ICBU-NPU/FashionGPT-70B-V1
FashionGPT-70B-V1 by ICBU-NPU is a 69 billion parameter Llama-2-70B based model, enhanced with two adapters for improved performance. It was fine-tuned using a combination of Orca-style and Samantha datasets, focusing on multi-turn conversational data. The model achieves an average score of 73.26 across ARC, HellaSwag, MMLU, and TruthfulQA benchmarks, making it suitable for general conversational AI applications.
Loading preview...
FashionGPT-70B-V1 Overview
FashionGPT-70B-V1 is a 69 billion parameter language model developed by ICBU-NPU, built upon the Llama-2-70B architecture. A key differentiator of this model is its unique training approach, which involves combining two distinct adapters with the base Llama-2-70B model. This method, which the developers claim achieves better performance than using a single adapter, will be detailed in an upcoming paper.
Key Capabilities & Training
- Adapter-based Fine-tuning: Utilizes two adapters trained with a forked QLoRA repository, allowing for efficient fine-tuning of quantized LLMs.
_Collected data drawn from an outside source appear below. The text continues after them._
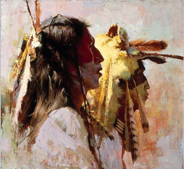 11 x 12 limited edition (only 550 available) signed & numbered giclee on canvas of two proud Native Americans by artist Howard Terpning
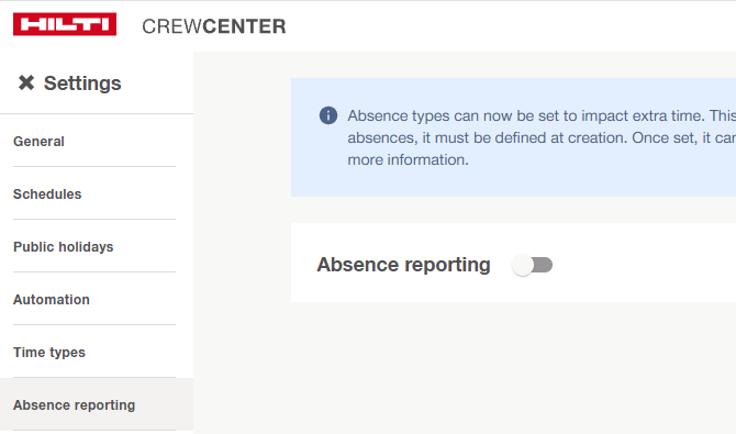 If absence reporting is disabled for your company or tenant in CrewCenter:
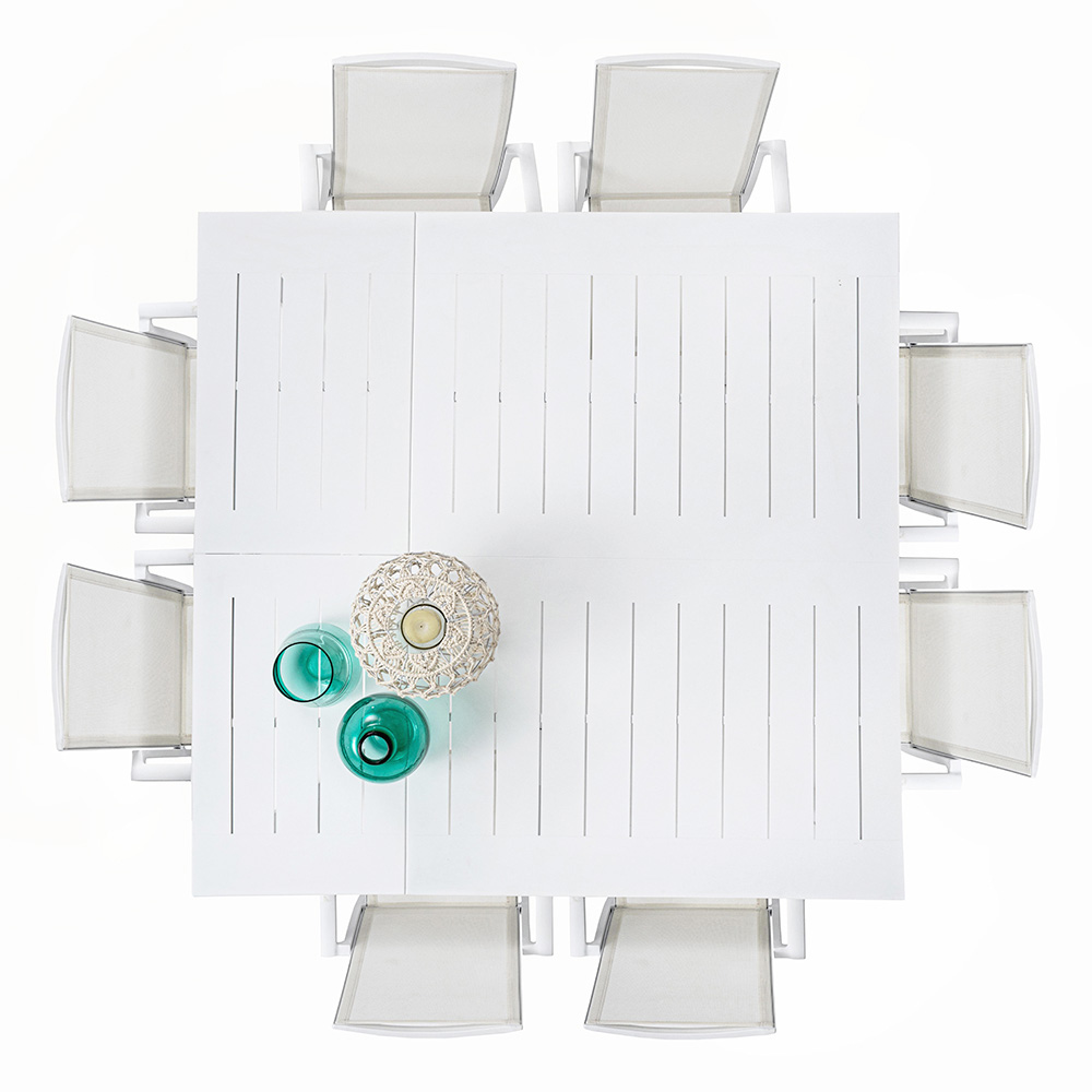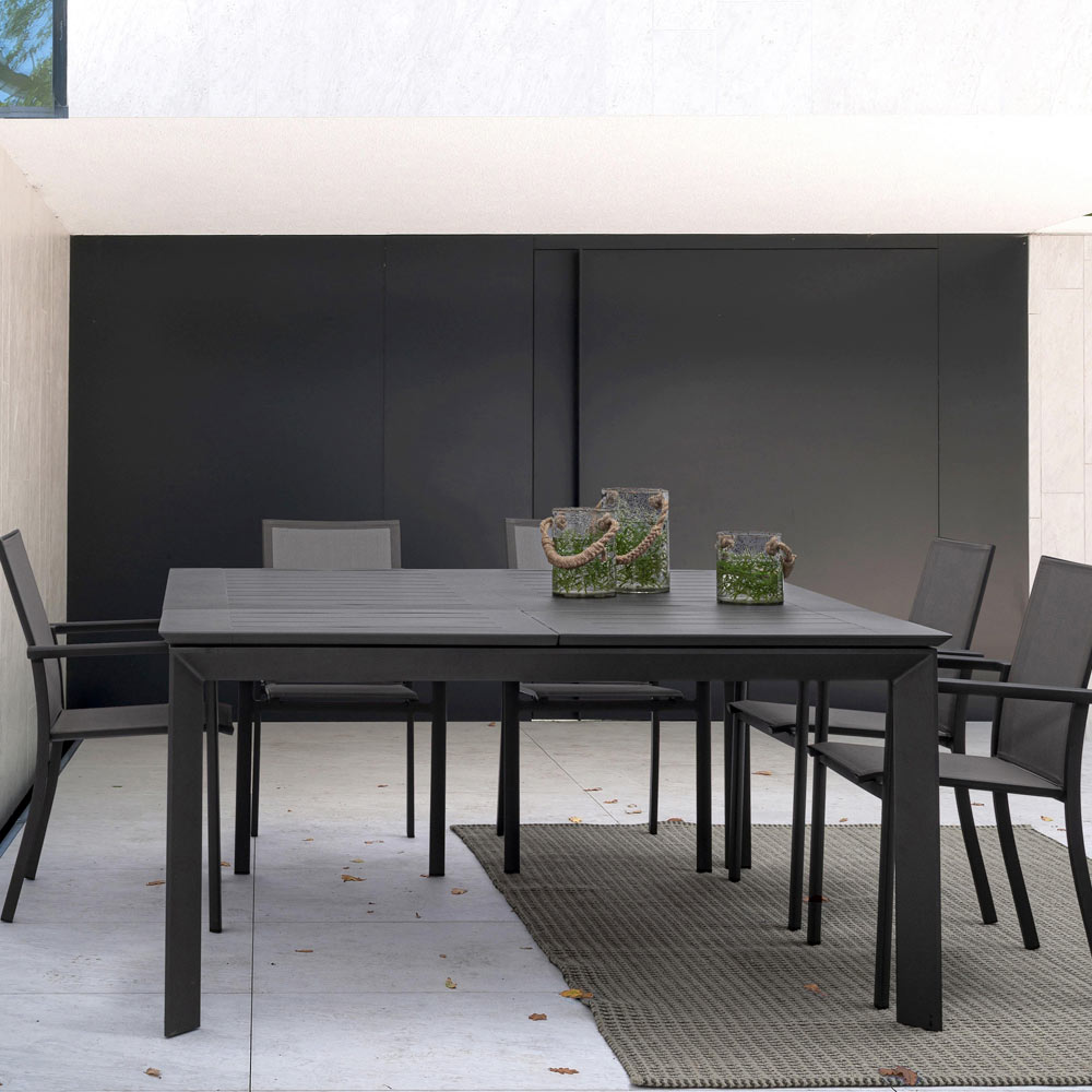 Utdragbart matbord utomhus i målad aluminium av hög kvalitet.
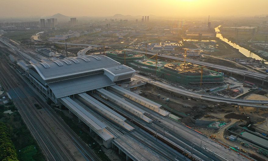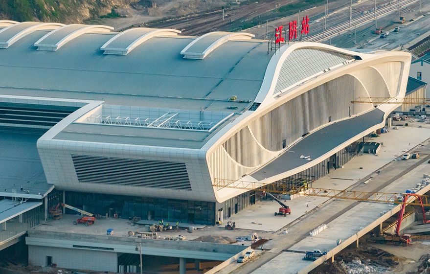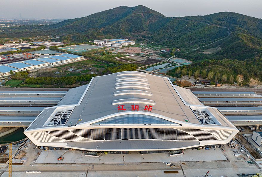 沪宁沿江高速铁路江阴站站房“巨轮启航”展雄姿
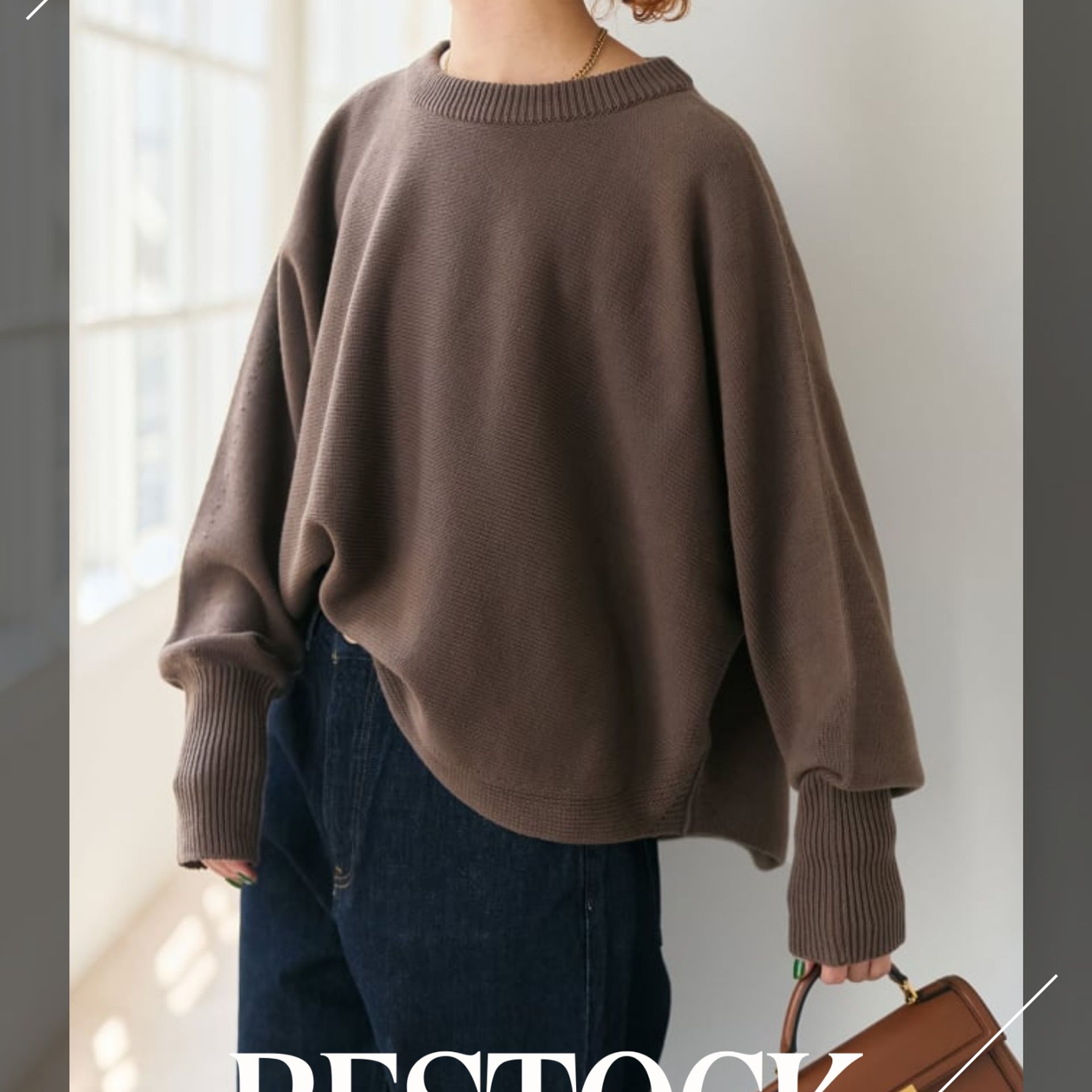 立体感のあるバルキーヤーンが魅力のドルマンニット。

- Multi-turn Conversation Support: Enhanced with multi-turn conversational data support adapted from the FastChat repository, making it proficient in dialogue-based interactions.
- Diverse Training Data: Trained on a combination of datasets, including a filtered 40K subset of OpenOrca-GPT4 and airoboros-gpt4-1.4.1, alongside 6.5K cleaned samples from the Samantha dataset.
- Performance Benchmarks: Achieves competitive scores across standard benchmarks:
- ARC (25-shot): 71.08
- HellaSwag (10-shot): 87.32
- MMLU (5-shot): 70.70
- TruthfulQA (0-shot): 63.92
- Average: 73.26
Good For
- General Conversational AI: Its training on multi-turn data and diverse datasets makes it well-suited for chatbot applications and interactive dialogue systems.
- Research into Adapter Merging: Developers interested in the novel approach of combining multiple adapters for performance gains may find this model and its upcoming paper valuable.
- Applications requiring Llama-2-70B base: Benefits from the robust foundation of the Llama-2-70B model while offering specialized fine-tuning.